In this lesson, we will determine the different types of Transformations that can be applied to the parent function \(y = x^2\) by expressing it in the Vertex Form, \(y = a(x-h)^2 + k\).

Reflection, Stretching and Compression

The \(a\) value will both determine whether the quadratic function will get either stretched or compressed and which direction it will open:

  • If \(|a| > 1\), the graph will get stretched by a factor of \(a\). This will make the graph appear narrower, as the \(x\) value will have a greater effect on the \(y\) value
  • If \(|a| < 1\), the graph will get compressed by a factor of \(a\). This will make the graph appear wider, as the \(x\) value won't have as great of an effect on the \(y\) value
  • If \(a > 0\), the function will be positive, making the parabola open upward
  • If \(a < 0\), the function will be negative, reflecting the graph and making the parabola open downward

Quadratic stretched by a factor of 2, making it appear more narrow.
Quadratic compressed by a factor of -1/3, making it appear wider and flipping it on its x-axis.

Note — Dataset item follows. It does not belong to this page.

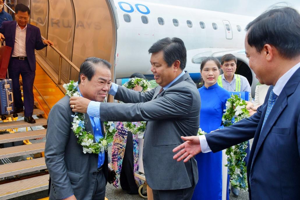Lãnh đạo tỉnh Cà Mau tặng hoa chúc mừng cho những hành khách đầu tiên đáp chuyến bay Hà Nội – Cà Mau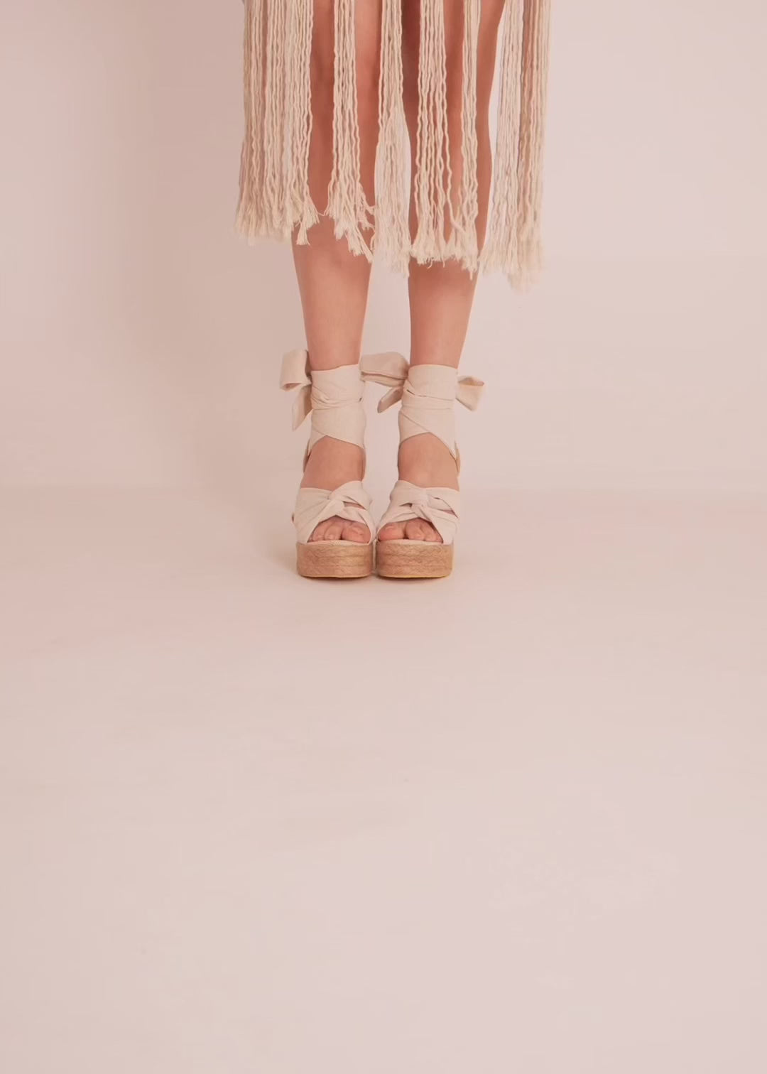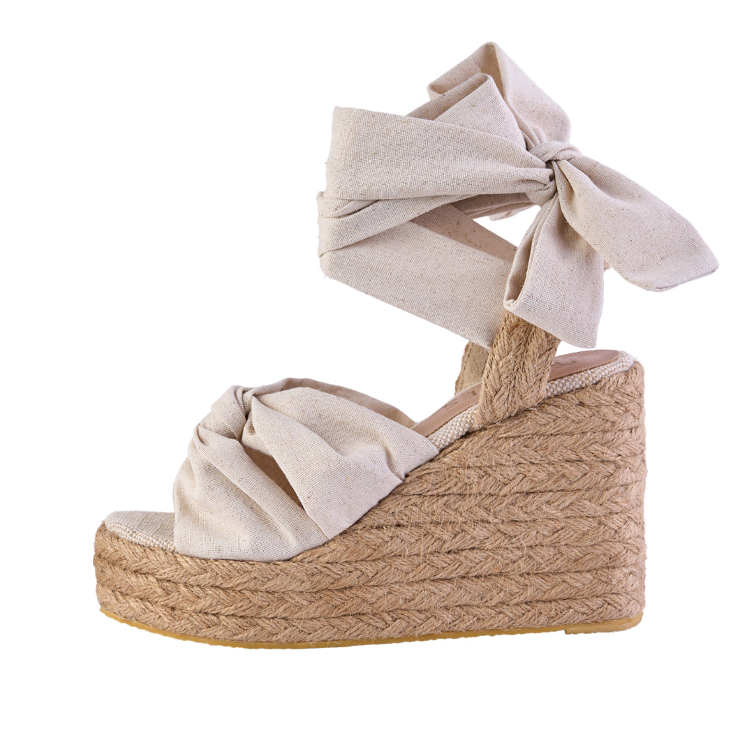 These platforms are a tribute to tradition woven with dedication. Their upper is made of natural sand-colored linen. The jute sole adds a natural touch for walking with roots and style.

State the transformation(s) in the quadratic equation \(y = -6x^2\)

We can first identify \(a = -6\). This means:

  • The graph is vertically stretched by a factor of \(6\)
  • The graph is reflected in the \(x\)-axis

Horizontal Shifts

The \(h\) value will determine which direction horizontally the graph will get shifted. This change can be represented algebraically by the equation \(y = (x-h)^2\):

  • If \(h > 0\), the graph will get shifted to the right by \(h\) units
Quadratic shifted 2 units to the right.

  • If \(h < 0\), the graph will get shifted to the left by \(h\) units
Quadratic shifted 4 units to the left.

Identify the quadratic equation for a graph that is shifted \(5\) units left

Since the graph is getting shifted to the left, we can identify \(h = -5\)

When we plug the value into the equation, the negatives cancel each other out. As a result, we get the final equation:

\(y = (x + 5)^2\)

Vertical Shifts

The \(k\) value will determine which direction vertically the graph will get shifted. This change can be represented algebraically by the equation \(y = x^2 + k\):

  • If \(k > 0\), the graph will get shifted upwards \(k\) units
Quadratic shifted 5 units upward.
  • If \(k < 0\), the graph will get shifted downwards \(k\) units
Quadratic shifted 4 units downward.

Identify the quadratic equation for a graph that is shifted \(7\) units upward

Since the graph is getting shifted to the upward, we can identify \(k = 7\).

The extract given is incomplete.